Start of Material to process
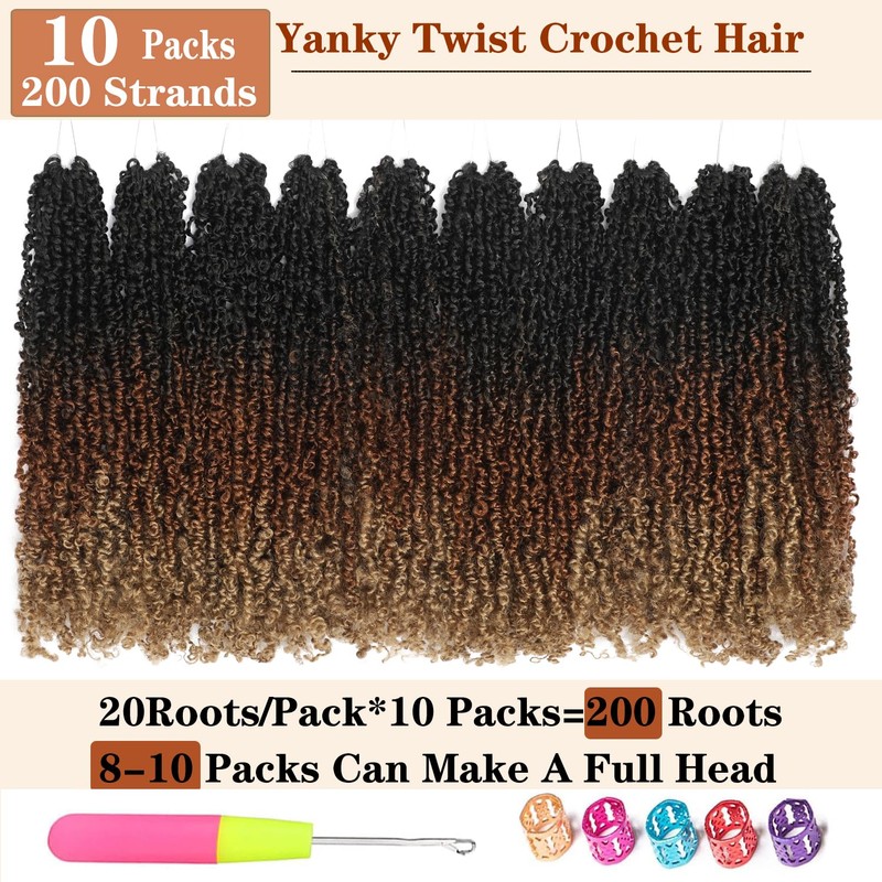 - Package:Pre-Twisted Fluffy Yankee Twist 20 Strands/Pack, 10 Pack/Lot, a total of 200 Strands, enough for you to complete a full fluffy and full hairstyle. You can add more according to your needs. Comes with a crochet needle easy to install.
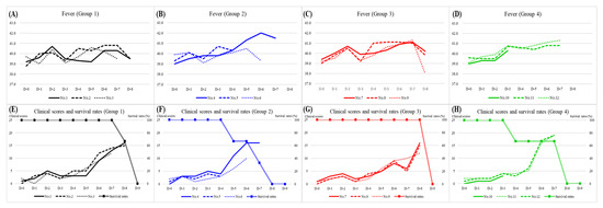 The disease dynamics of groups 2, 3, and 4 were similar to those of group 1. In the three groups, the rectal temperature increased to above 40 °C at 3–6 DPI (
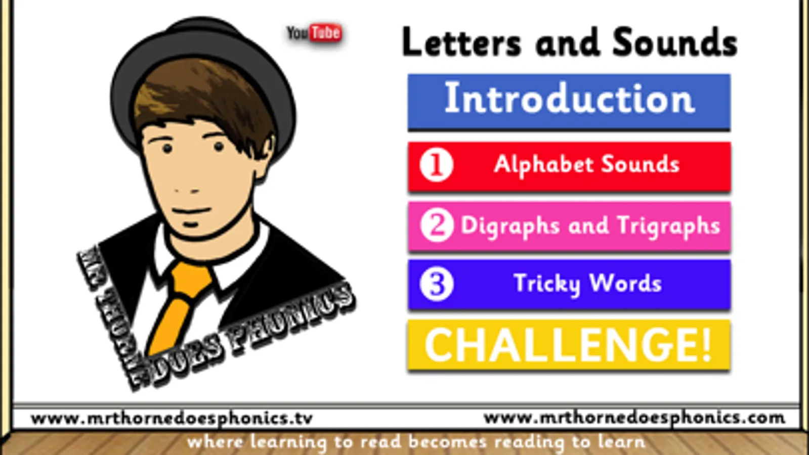 'Mr Thorne Does Phonics: Letters and Sounds' - The Youtube sensation Mr Thorne Does Phonics presents a comprehensive collection of over 70 literacy videos for children, parents, teachers, student teachers and anyone learning to read English, using the synthetic phonics approach to learning to read.
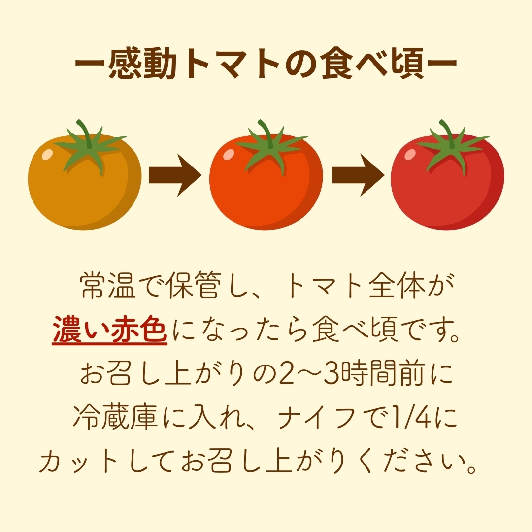 ひとつひとつにセンサーを通して糖度9度以上のトマトのみを選別し、 見た目の美しさはもちろん、最も味わいが凝縮される2S・3Sサイズのみを 「感動トマト」と名付けました。 硬めの食感で、まるでフルーツのような味わいをご賞味ください。
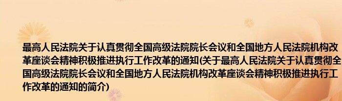 本文关于最高人民法院关于认真贯彻全国高级法院院长会议和全国地方人民法院机构改革座谈会精神积极推进执行工作改革的通知的简介就讲解完毕,希望对大家有所帮助。
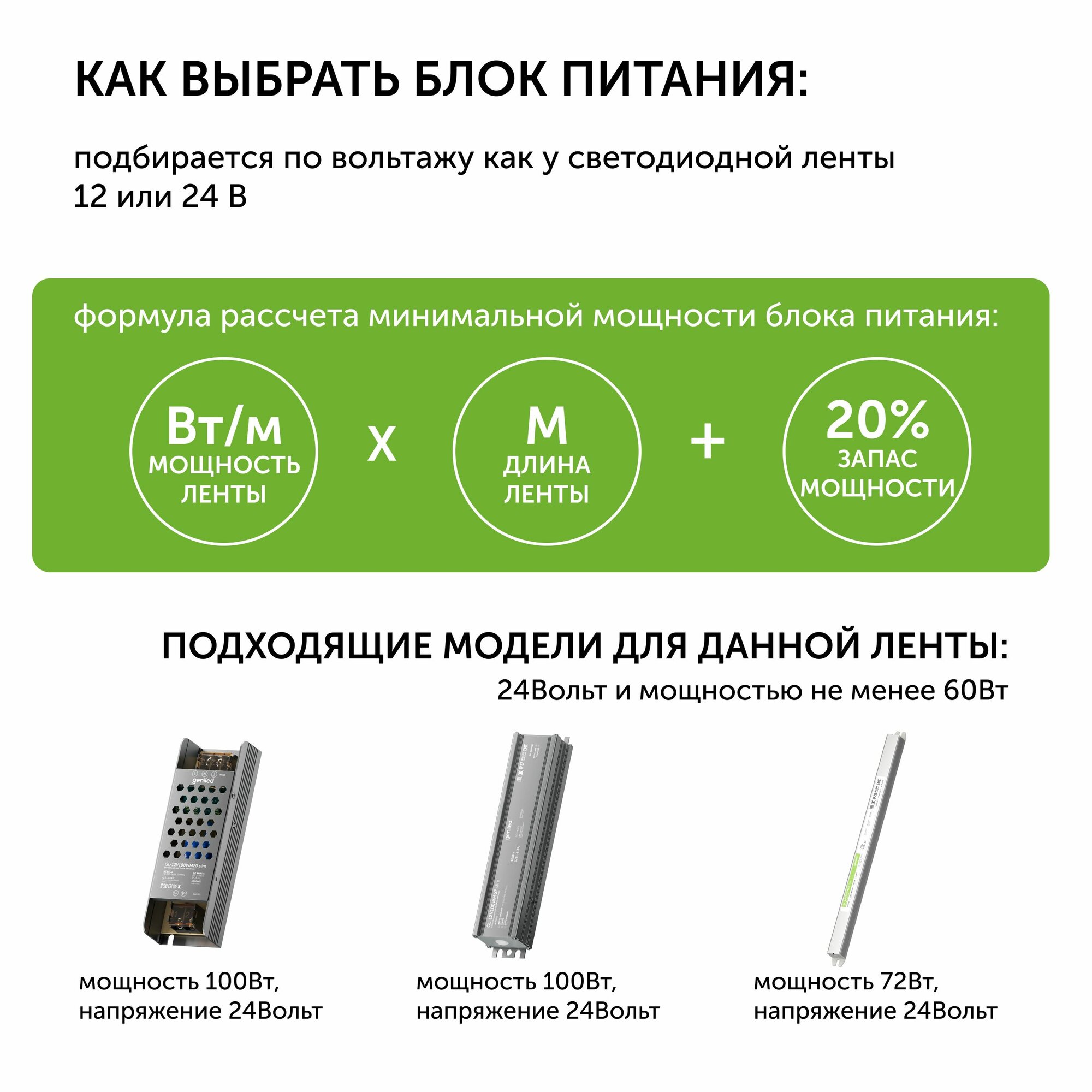 10-21 Комплект светодиодной ленты 12В, 4,8Вт/м, smd3528, 60 д/м, 280 лм/м, IP65, 2,5м, коннектор, БП, т/б
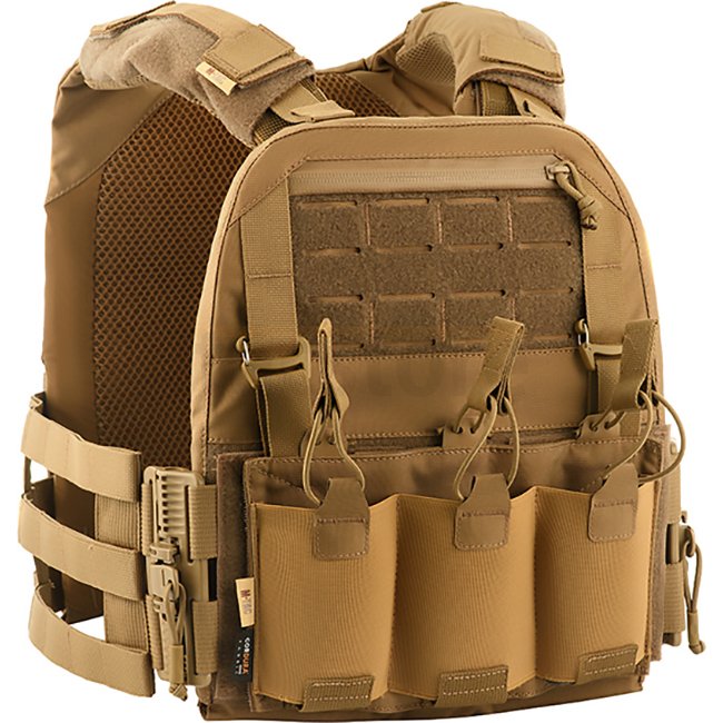M-Tac Cuirasse Porte-Plaque QRS - Coyote : Porte-plaque évolutif avec système de libération rapide, poches modulaires et matériaux Cordura. Compatible avec les tailles Medium SAPI & ESAPI.
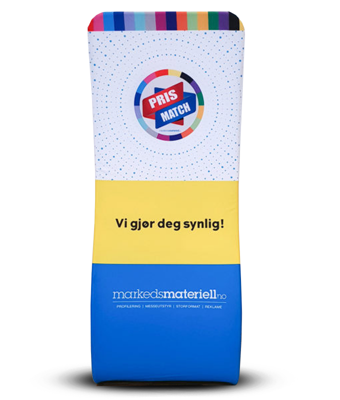 Grafisk trykk av høy kvalitet på en tekstilduk med stretch som gir stor detaljrikdom og friske farger til ditt budskap. Når du vil endre budskapet ditt kan du raskt bestille ny duk og benytte samme ramme. Enkelt og kostnadseffektivt!
End of Material to process
▶ **Work item**
Would you print exactly the lines in the listing above, from the line bearing "learning to read." through the line bearing "本文关于最高人民法院关于认真", leaving out all pictures?

▶ **Answer to the exercise**
 'Mr Thorne Does Phonics: Letters and Sounds' - The Youtube sensation Mr Thorne Does Phonics presents a comprehensive collection of over 70 literacy videos for children, parents, teachers, student teachers and anyone learning to read English, using the synthetic phonics approach to learning to read.
 ひとつひとつにセンサーを通して糖度9度以上のトマトのみを選別し、 見た目の美しさはもちろん、最も味わいが凝縮される2S・3Sサイズのみを 「感動トマト」と名付けました。 硬めの食感で、まるでフルーツのような味わいをご賞味ください。
 本文关于最高人民法院关于认真贯彻全国高级法院院长会议和全国地方人民法院机构改革座谈会精神积极推进执行工作改革的通知的简介就讲解完毕,希望对大家有所帮助。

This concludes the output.